So please add it to the changelog as an explanation why the mutex -> rcu
switch is safe, thanks.
  

Patch

diff --git a/fs/btrfs/zoned.c b/fs/btrfs/zoned.c
index 168af9d000d1..b7e7b5a5a6fa 100644
--- a/fs/btrfs/zoned.c
+++ b/fs/btrfs/zoned.c
@@ -2423,15 +2423,15 @@  bool btrfs_zoned_should_reclaim(struct btrfs_fs_info *fs_info)

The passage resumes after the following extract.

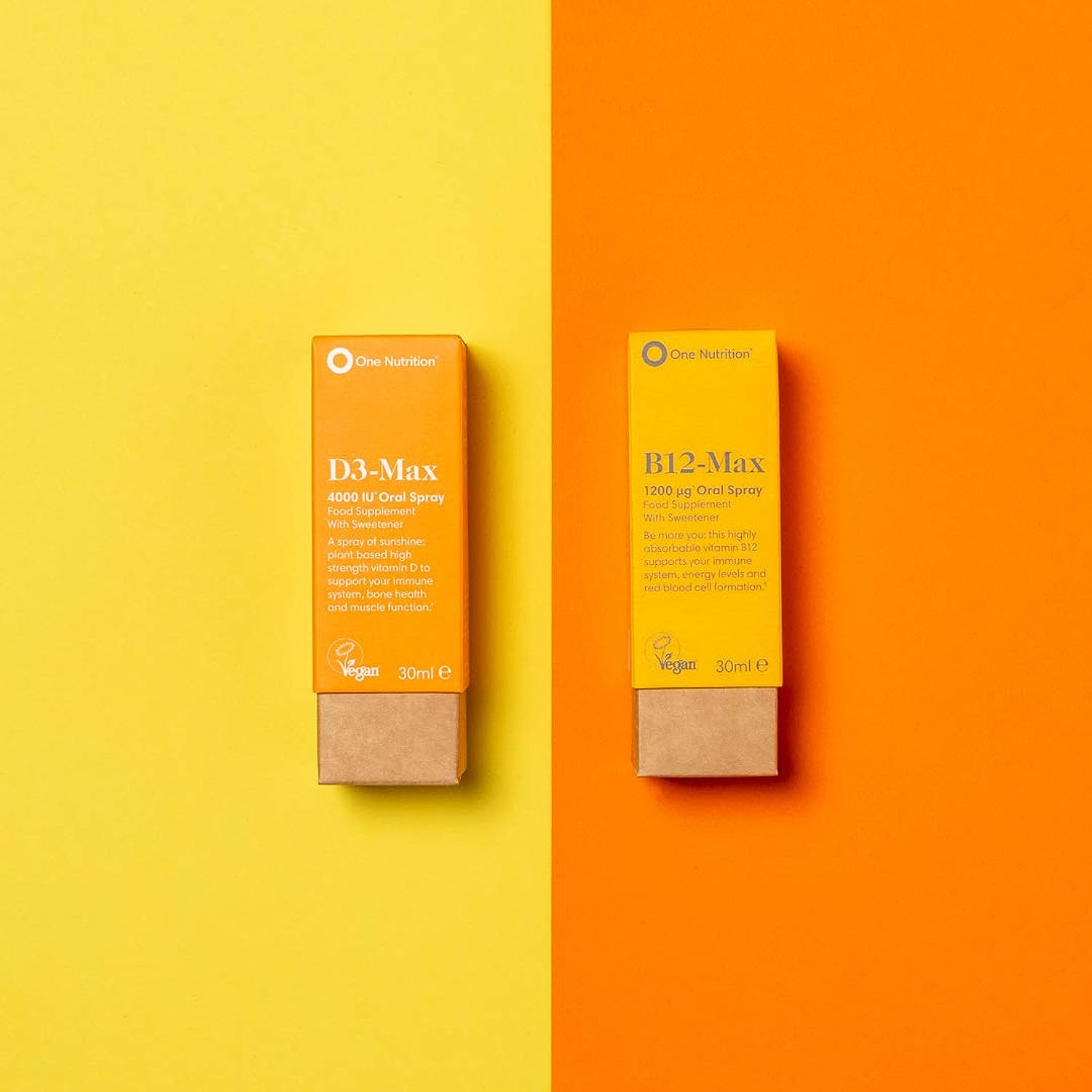 One Nutrition B12-Max Oral Spray - 30ml Simple and convenient, the highly absorbable One Nutrition B12-Max Oral Spray is an easy way to top up your vitamin B12 levels. The handy oral spray format is ideal for those on the go. B12-Max is best taken under the tongue so it is absorbed quickly and effectively, getting to work much quicker than tablets. Ideal for those following a vegetarian or vegan diet, as the main sources of B12 in the common diet are animal-based. Natural orange flavour 6 sprays delivers 1200mcg of vitamin B12; 220 sprays per bottle Simple and convenient support for the immune system, energy levels and red blood cell formation Essential for Vegetarians, Vegans and for use while travelling Sustainable packaging

 	if (fs_info->bg_reclaim_threshold == 0)
 		return false;
 
-	mutex_lock(&fs_devices->device_list_mutex);
-	list_for_each_entry(device, &fs_devices->devices, dev_list) {
+	rcu_read_lock();
+	list_for_each_entry_rcu(device, &fs_devices->devices, dev_list) {
 		if (!device->bdev)
 			continue;
 
 		total += device->disk_total_bytes;
 		used += device->bytes_used;
 	}
-	mutex_unlock(&fs_devices->device_list_mutex);
+	rcu_read_unlock();
 
 	factor = div64_u64(used * 100, total);
 	return factor >= fs_info->bg_reclaim_threshold;